**WHAT IS EXPECTED**
Once you find the line with "val. – pažintinė" in the entries below, return exactly every line from it through the line with "LOT 54M: Vintage".

**DATASET ENTRIES**
********
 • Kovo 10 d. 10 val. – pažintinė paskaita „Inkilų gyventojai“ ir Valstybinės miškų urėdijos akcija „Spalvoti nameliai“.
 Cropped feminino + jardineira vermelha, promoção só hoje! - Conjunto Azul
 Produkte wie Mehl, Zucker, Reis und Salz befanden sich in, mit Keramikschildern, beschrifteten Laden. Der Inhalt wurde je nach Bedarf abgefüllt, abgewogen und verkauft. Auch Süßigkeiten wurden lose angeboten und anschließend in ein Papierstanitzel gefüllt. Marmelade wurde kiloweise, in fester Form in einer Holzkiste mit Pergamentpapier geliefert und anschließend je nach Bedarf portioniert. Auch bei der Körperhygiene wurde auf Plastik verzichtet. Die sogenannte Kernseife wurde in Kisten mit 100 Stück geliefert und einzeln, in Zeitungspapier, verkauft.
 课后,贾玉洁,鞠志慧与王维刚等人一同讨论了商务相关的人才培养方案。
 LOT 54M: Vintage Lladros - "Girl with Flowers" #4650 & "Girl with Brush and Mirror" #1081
********
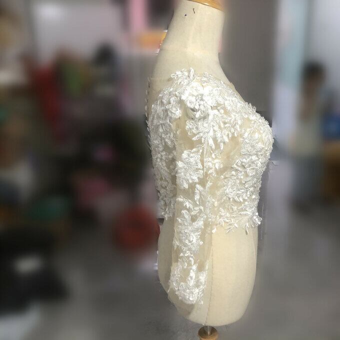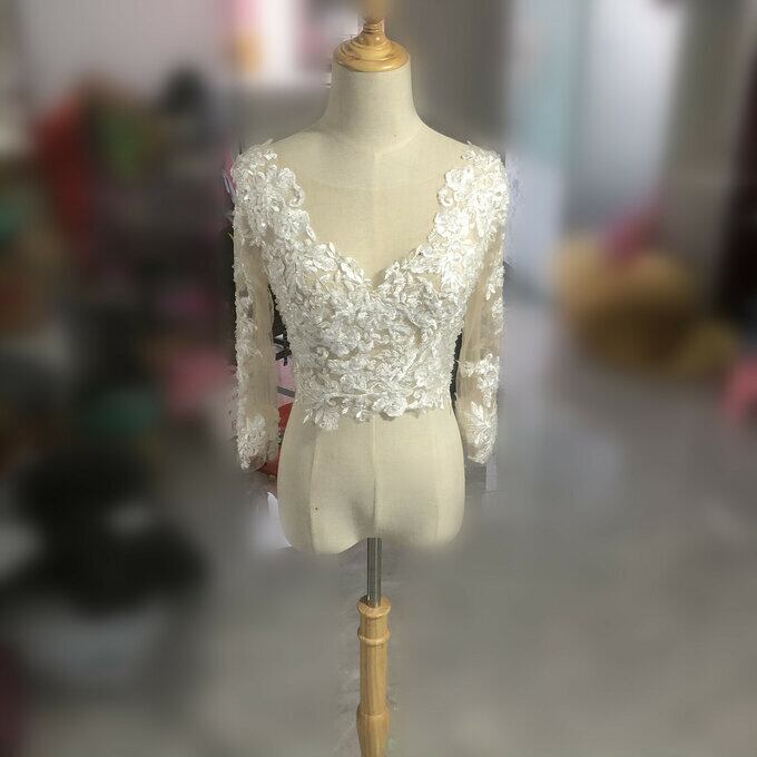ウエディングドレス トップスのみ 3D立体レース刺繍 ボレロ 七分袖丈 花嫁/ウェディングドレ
********
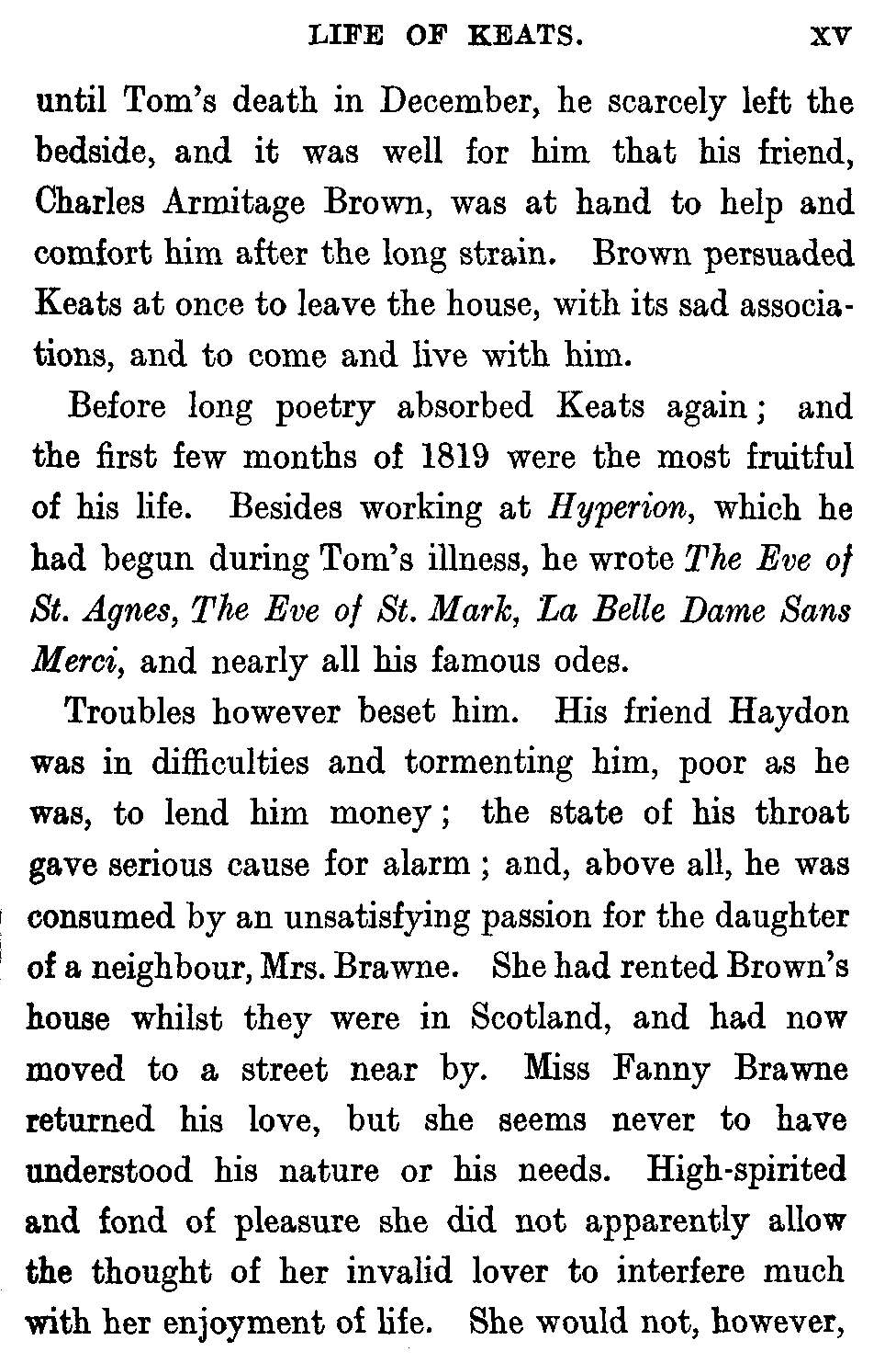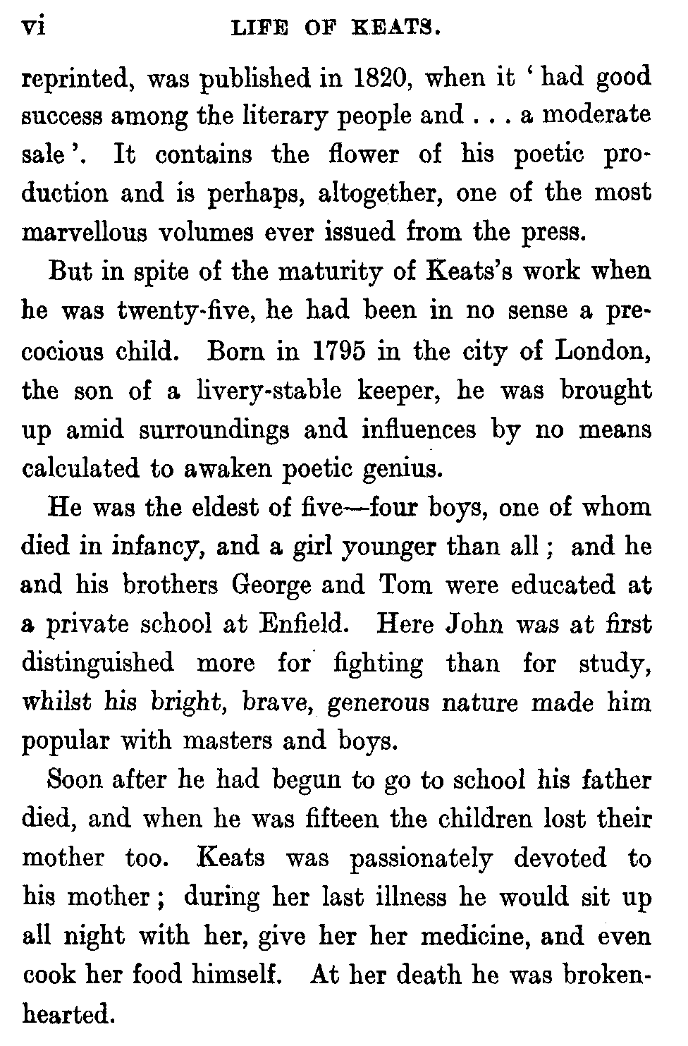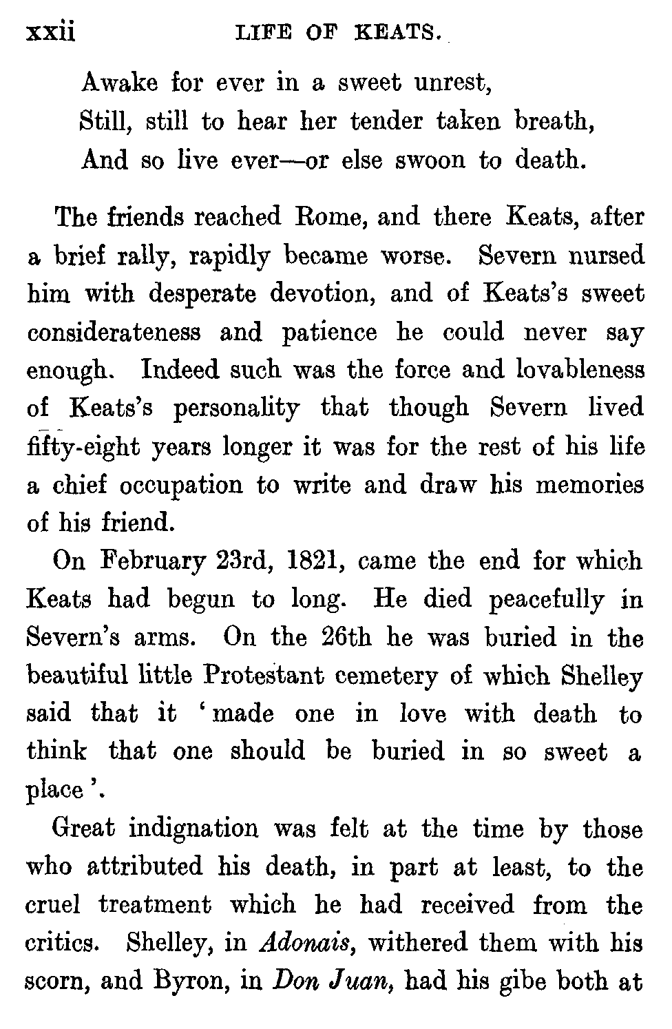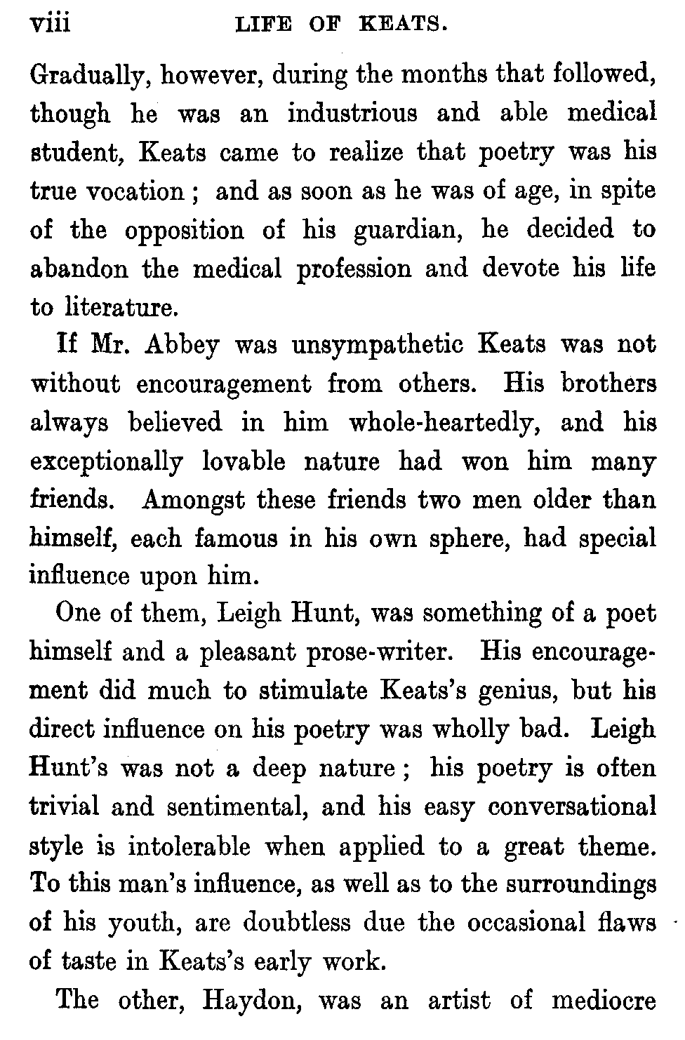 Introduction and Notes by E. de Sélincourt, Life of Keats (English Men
********
**EXPECTED ANSWER**
 • Kovo 10 d. 10 val. – pažintinė paskaita „Inkilų gyventojai“ ir Valstybinės miškų urėdijos akcija „Spalvoti nameliai“.
 Cropped feminino + jardineira vermelha, promoção só hoje! - Conjunto Azul
 Produkte wie Mehl, Zucker, Reis und Salz befanden sich in, mit Keramikschildern, beschrifteten Laden. Der Inhalt wurde je nach Bedarf abgefüllt, abgewogen und verkauft. Auch Süßigkeiten wurden lose angeboten und anschließend in ein Papierstanitzel gefüllt. Marmelade wurde kiloweise, in fester Form in einer Holzkiste mit Pergamentpapier geliefert und anschließend je nach Bedarf portioniert. Auch bei der Körperhygiene wurde auf Plastik verzichtet. Die sogenannte Kernseife wurde in Kisten mit 100 Stück geliefert und einzeln, in Zeitungspapier, verkauft.
 课后,贾玉洁,鞠志慧与王维刚等人一同讨论了商务相关的人才培养方案。
 LOT 54M: Vintage Lladros - "Girl with Flowers" #4650 & "Girl with Brush and Mirror" #1081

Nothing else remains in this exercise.